While preparing Secretary of State Mike Pompeo’s visit to Beirut on March 22-23, Satterfield held a tense meeting on March 5 with Parliament Speaker Nabih Berri, who plays a key role in Lebanon regarding the border dispute with Israel. The Trump Administration wanted Berri to join President Michel Aoun and Prime Minister Saad Hariri in agreeing on talks with Israel so “Lebanese leaders reach a consensus position on a path forward on boundary negotiations.” On April 6, a news report floated the idea that Washington might sanction Berri’s inner circle in a clear message to the Amal Movement’s leader, who is a close ally of Hezbollah.

The breakthrough came when Berri, with the obvious consent of Hezbollah, shifted position on April 23. He told Major Stefano Del Col, head of the United Nations Interim Force in Lebanon (UNIFIL) in South Lebanon: “We are ready to draw Lebanon’s maritime borders and those of the Exclusive Economic Zone using the same procedure that was used to draw the Blue Line under the supervision of the United Nations.” The Blue Line is the land border that was drawn after Israel’s withdrawal from Lebanon in 2000. Incidentally, the next day, al-Akhbar leaked diplomatic cables sent from the Lebanese embassy in Washington to the Lebanese foreign ministry, which detailed a March 15 meeting Satterfield had in Washington with visiting Lebanese officials.
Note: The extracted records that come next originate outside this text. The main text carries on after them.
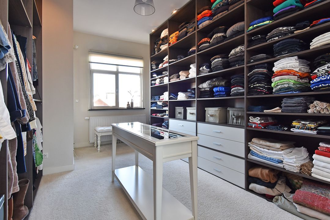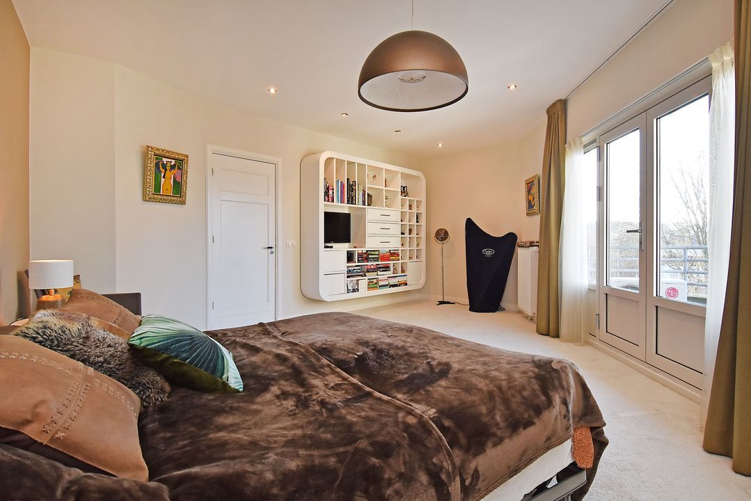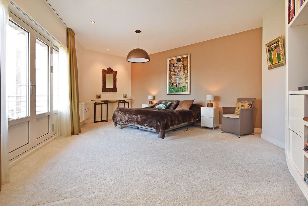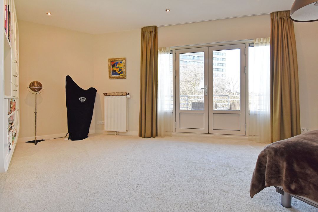 3e verdieping: overloop, 2e luxe toilet, separate wasruimte met aansluiting was-en droogmachine, diverse kasten, slaapkamer voorzijde ca 28m² met openslaande deuren naar terras op zuidwesten gesitueerd; 2 kamers waaronder een "walk-in closet" aan achterzijde ca. 492x293 en 513x311 op balkon ca. 128x400. De tussen de voor- en achterkamers gesitueerde riante design badkamer ca. 498x342 is uitgevoerd met een ligbad, inloopdouche en luxe badkamermeubel met dubbele waskommen alsmede een fraaie betegelde vloer met vloerverwarming.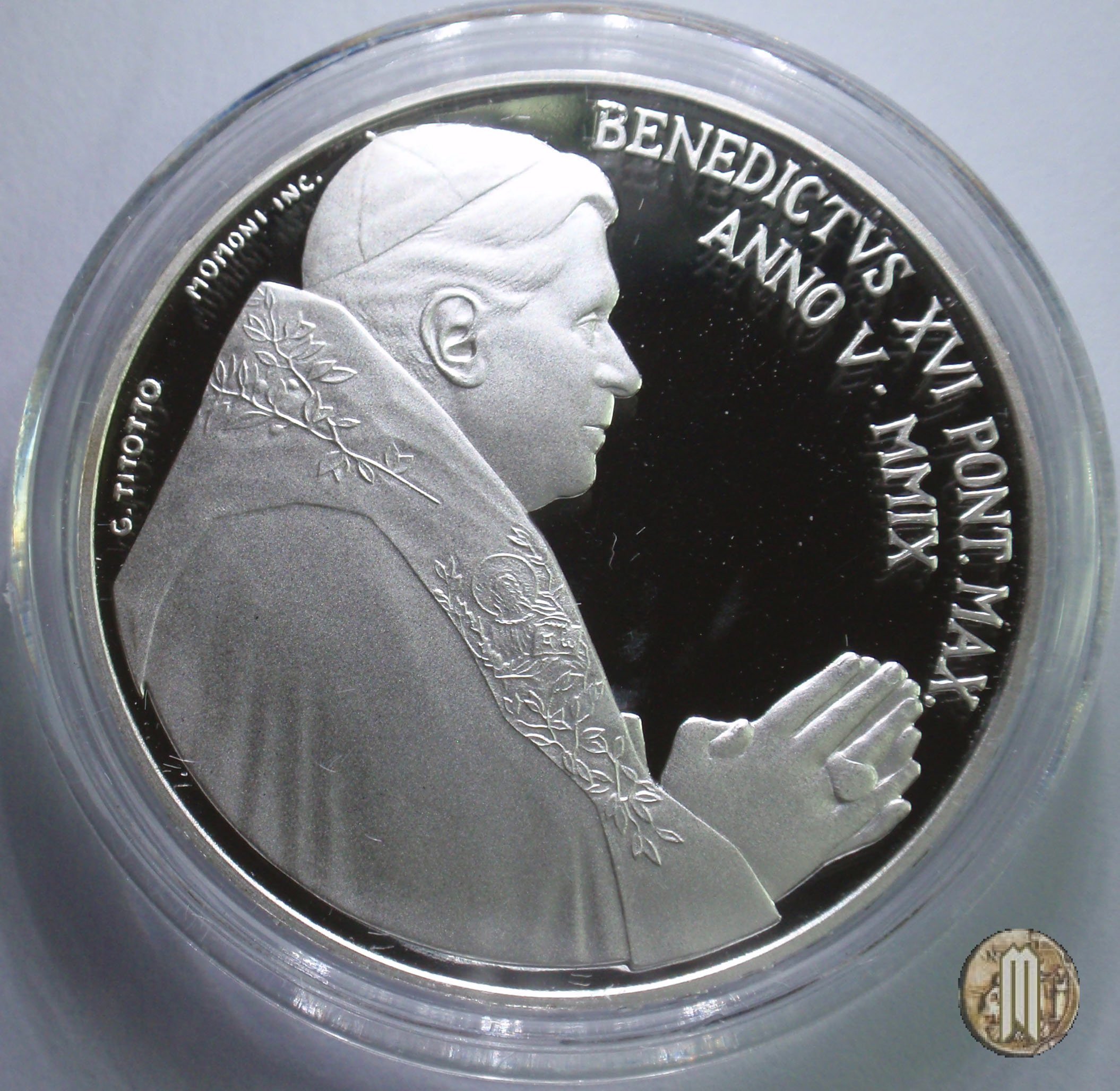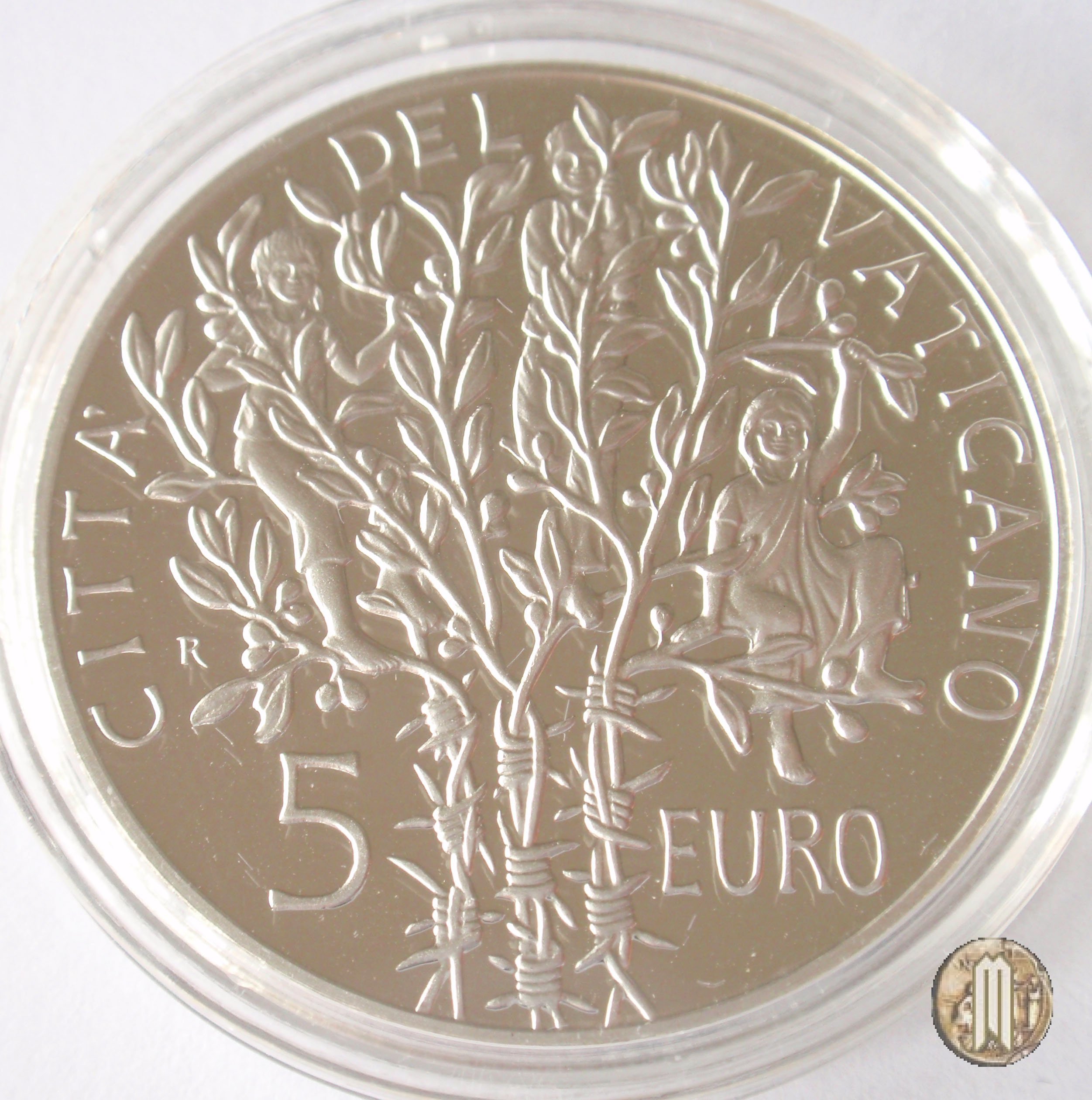 5 Euro 2009 Giornata Mondiale della Pace Dritto: BENEDICTVS XVI PONT.MAX. ANNO V _ MMIX Mezzo busto del Santo Padre rivolto a destra. Verso: CITTA' DEL VATICANO 5 EURO XLII Giornata Mondiale della Pace "Combattere la povertà, costruire la pace" | |
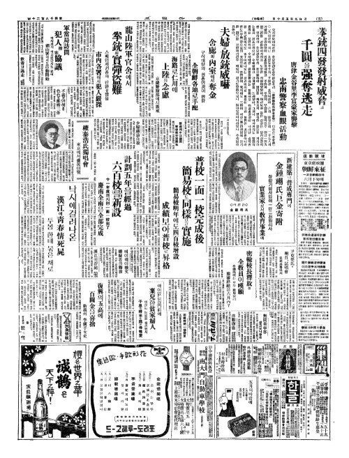 - 拳銃四發發射威脅(권총사발발사위협)코 千圓(천원)을强奪逃走(강탈도주)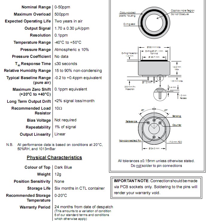 CiTiceL電化學氣體傳感器是密封元件,在正常使用下沒有化學危險性。

The Trump Administration official reportedly warned that Lebanon can take or leave the US offer to “find another party capable of mediating.”
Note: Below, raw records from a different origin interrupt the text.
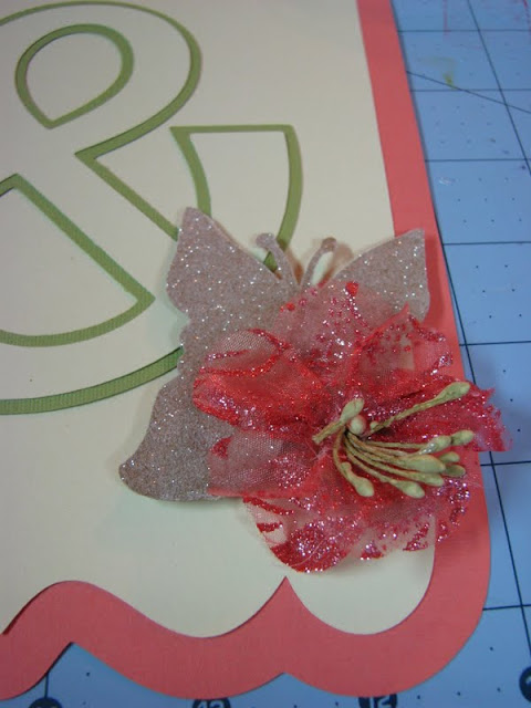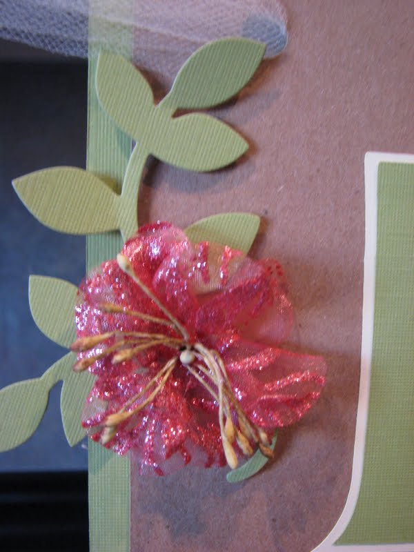 For this banner, Leah wanted a bit more more embellishing. I cut out a bunch of different images from my Storybook cartridge, sprinkled glitter on some, added buttons, ribbon, pins, flowers and brads. I added a little bit to each letter until I was satisfied with the way they looked. This was the fun part for me!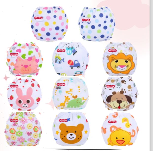 Lavables y reutilizables, estos pañales de entrenamiento están hechos de Bambu Terry con un forro absorbente. Tienen acolchado adicional en la parte delantera para pequeños accidentes y elástico en la cintura y piernas para mayor comodidad. Disponibles en diferentes diseños.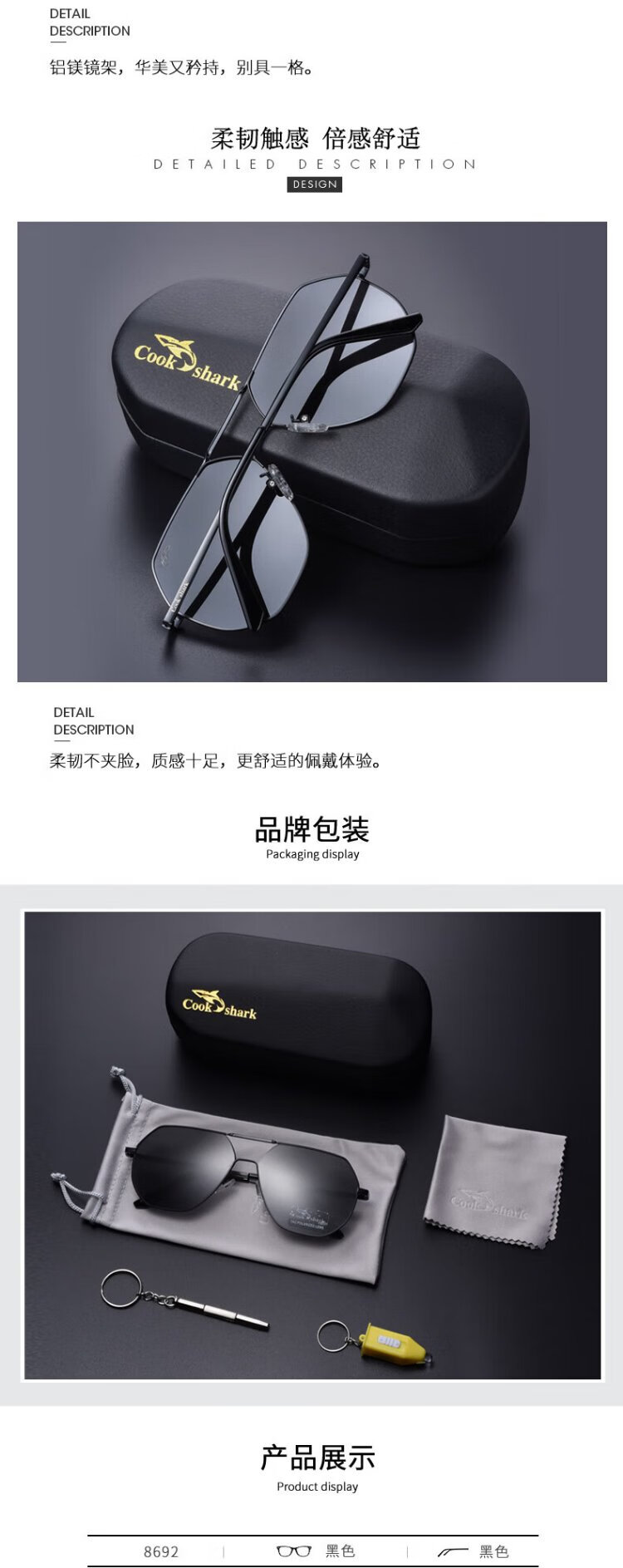 Cookshark Official Counter Polarized Sunglasses Men's Driving Glasses Special Color Changing Sunglasses Men's Summer Toad Glasses Gunmetal Color

The Lebanese Initiative and the Sticking Points

On May 9, President Michel Aoun formally presented an initiative to US Ambassador to Lebanon Elizabeth Richard. It had two main components: 1) forming a military committee to hold meetings at the UNIFIL headquarters in Naqoura, South Lebanon, under UN sponsorship with the United States as the de facto mediator; and 2) negotiating the land and maritime borders simultaneously. In a sign of preliminary acceptance of this initiative, on May 27 Israel’s energy minister, Yuval Steinitz, said these talks are “for the good of both countries’ interests in developing natural gas reserves and oil.” Israel, however, responded via Satterfield with a counter offer of expanding the military committee to diplomats as it seems interested in luring the Lebanese side into substantial negotiations that normalize bilateral talks.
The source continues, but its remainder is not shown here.